Some mantles have the design of feline faces painted on it that recall the Chavin motif. Others are embroidered with such description of supernatural entities which were keepers of the gates in their respective unseen worlds. Some figures are winged men with snakes coiled around their eyes, splitting headed condors gobbling fish, and cat-faced men with knives. Most of the animals and plants that appear were tied to species still found on the South Coast, and many human figures wear or carry items careful enough to relate it to the site and time where it was done.
Their jewelry correspond to specimens formed from thin sheets of gleaming gold, representing the careful way of taking something from the womb of the earth and wear it. These include forehead ornaments shaped like a bird with outstretched wings; hair spangles that were disk or star shapes that dangle from the wing tips of the forehead ornament; slender, feather-shaped headdress plumes; and mouth masks.
Whole communities worked, sitting side-by-side only in the embroidering of these clothes for the death.
Their masterpieces of astonishing virtuosity were done thread by thread with simple tools, too delicate and considered ceremonial, and finished so carefully on both sides that it is almost impossible to distinguish which is the correct side. The central cloth and its framing dimensional border are created by different techniques, both with perfect reversibility, except for a variation of 3 border figures, that instead of being duplicated on the back as if flipped in mirror image, appear in back view on one side of the cloth, thereby designating a "front" and "back" to the textile. So fine is the weaving that threads run up to 500 to the square inch. The central cloth and the border hold different color palettes suggesting that they were created at different times. The triple-layer border were designed with color outer veneers of wool "crossed-looping" that envelop inner cotton cores of looping or weaving. While the cotton is off-white, the wool is dyed in jewel-bright tones. White cotton was grown in Coastal Valleys and wool came from camelids that live at high altitudes in the Andes Mountains.

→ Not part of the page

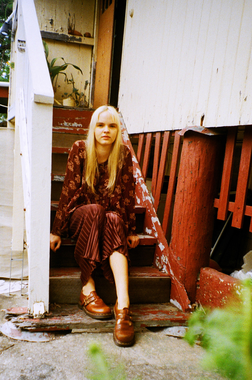 My friend’s dress and pants, old Doc Martens.

Some of the dead were warriors and priests able to move between worlds, with especially rich mantles and copper battle-axes and gold ornaments at their sides. They were found buried with other people, men and women, who also had the power to move between the unseen worlds to picture and record the events in their minds and transport the information it in the design of the mantle and garments. As witnesses of the event they were able to communicate it to the different levels of entities in the supernatural world and to the people in the world of the living, about to whom the power went. The garments represented the covering of such power in life and in death. The severed heads brandished by some entities, sometimes sprout flourishing plants that grew without respect to the rules, ended decapitated, and the enforcer retain the power. The snake-like streamers that flow from some entities indicates the supernatural qualities of the event. The rules of good and evil were pretty much understood in all levels and harmony between them was a major thing for the people in the living world, their lives depended on it.
The population did not live according to the manner of other cultures in the World. They surfaced from a very dry ground and had a mission to do. When they depicted clothing, always they added a face, or an animal body  to the loose ends of fabrics hanging behind a wearer, considering it a precious carrier of life and harmony between the Worlds.